# Data segment
-----
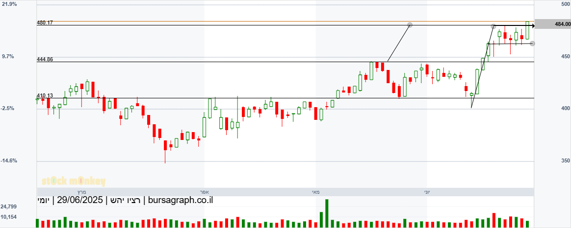 שנתמכה טוב שם. מעניין לראות היום סגירה 👍 כעת קצת יהיה לה קשה עם ההתנגדות האחרונה של הפובינצ'י. אבל המומנטום נראה אש וכנראה תעבור אותו. יש גם ביקוש יפה שם היום בעדכון, לא שזה אומר הרבה.. גם ישראמקו כתבתי אתמול 🌹
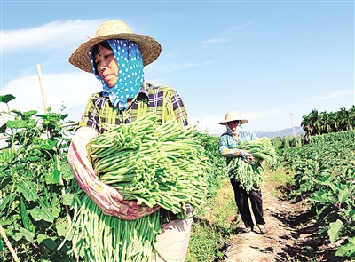 12月2日,三亚市崖城镇菜农将刚刚采摘的瓜菜运出菜地。据了解,三亚市目前每天装车出岛的瓜菜在50万公斤以上,主要运往广州、深圳、长沙、上海、武汉等瓜菜中转地。 新华社记者 侯建森摄
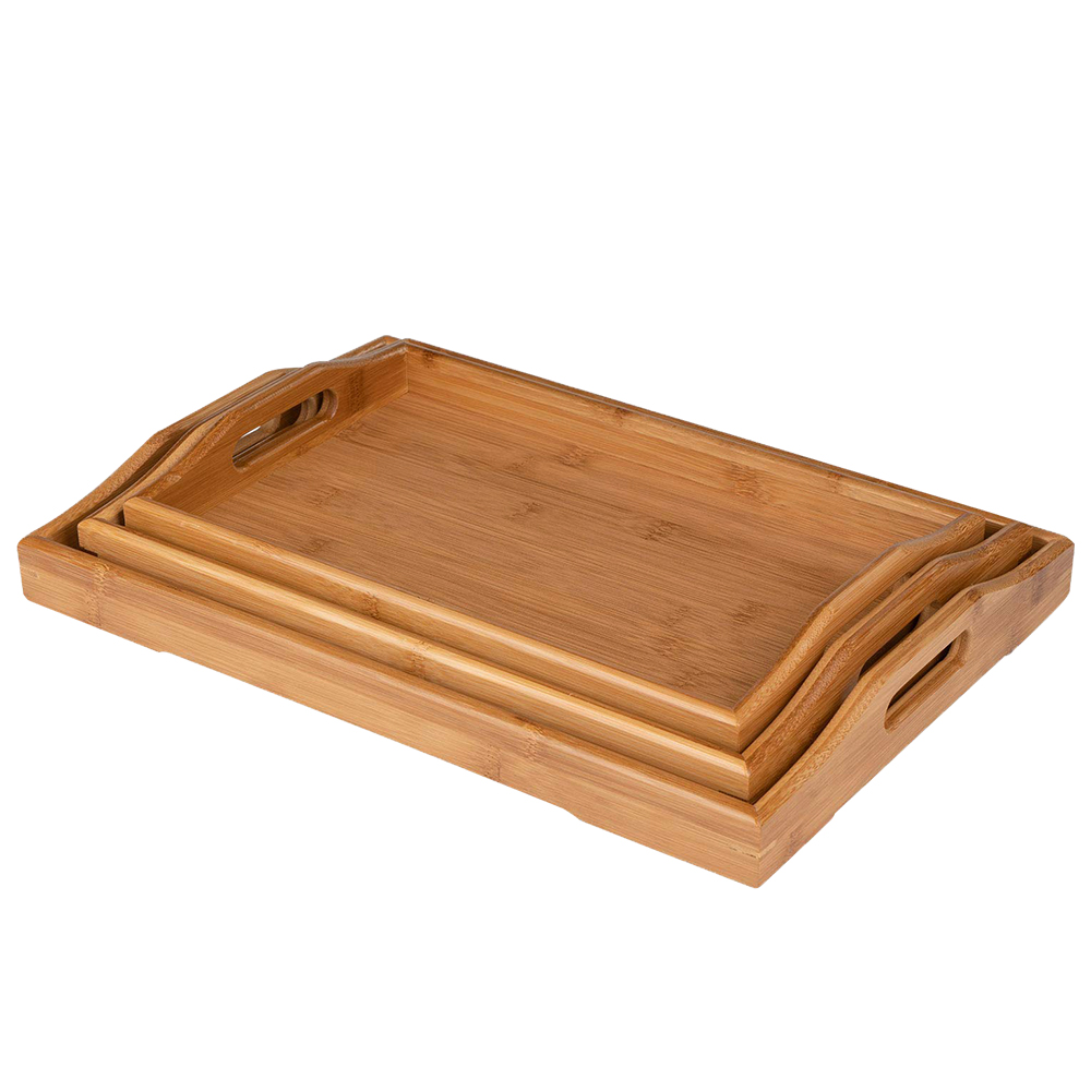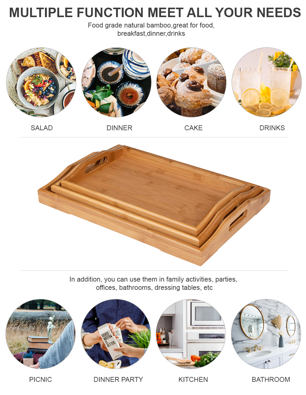 MULTIPLE FUNCTION MEET ALL YOUR NEEDS: Food grade natural bamboo,great for food,breakfast,dinner,drinks,cake or any food serving trays. In addition, you can use them in family activities, parties, offices, bathrooms, dressing tables, etc
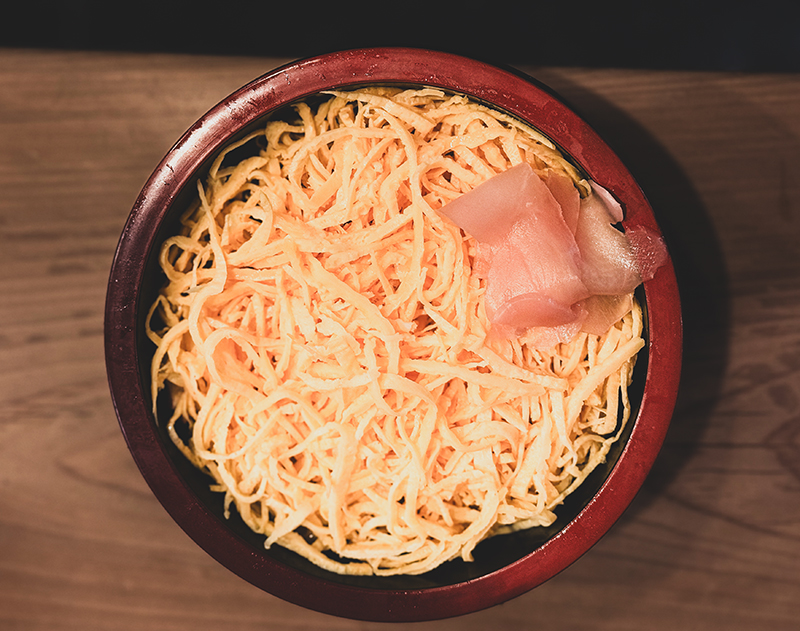Entre sus elaboraciones, destaca el chirashi, precursor del poke hawaiano y compuesto por arroz de sushi en un bowl, acabado con pescado crudo por encima. Otra elaboración, por la que es conocido Sushizen, es el kinshi tamago- una tortilla japonesa muy fina, cortada en finos hilos-.
-----
# Aim of the exercise
Given the listing above, return exactly, and only, the lines from the line with "MULTIPLE FUNCTION MEET" through its final line, both included, with the pictures removed.

# Result for this task
 MULTIPLE FUNCTION MEET ALL YOUR NEEDS: Food grade natural bamboo,great for food,breakfast,dinner,drinks,cake or any food serving trays. In addition, you can use them in family activities, parties, offices, bathrooms, dressing tables, etc
Entre sus elaboraciones, destaca el chirashi, precursor del poke hawaiano y compuesto por arroz de sushi en un bowl, acabado con pescado crudo por encima. Otra elaboración, por la que es conocido Sushizen, es el kinshi tamago- una tortilla japonesa muy fina, cortada en finos hilos-.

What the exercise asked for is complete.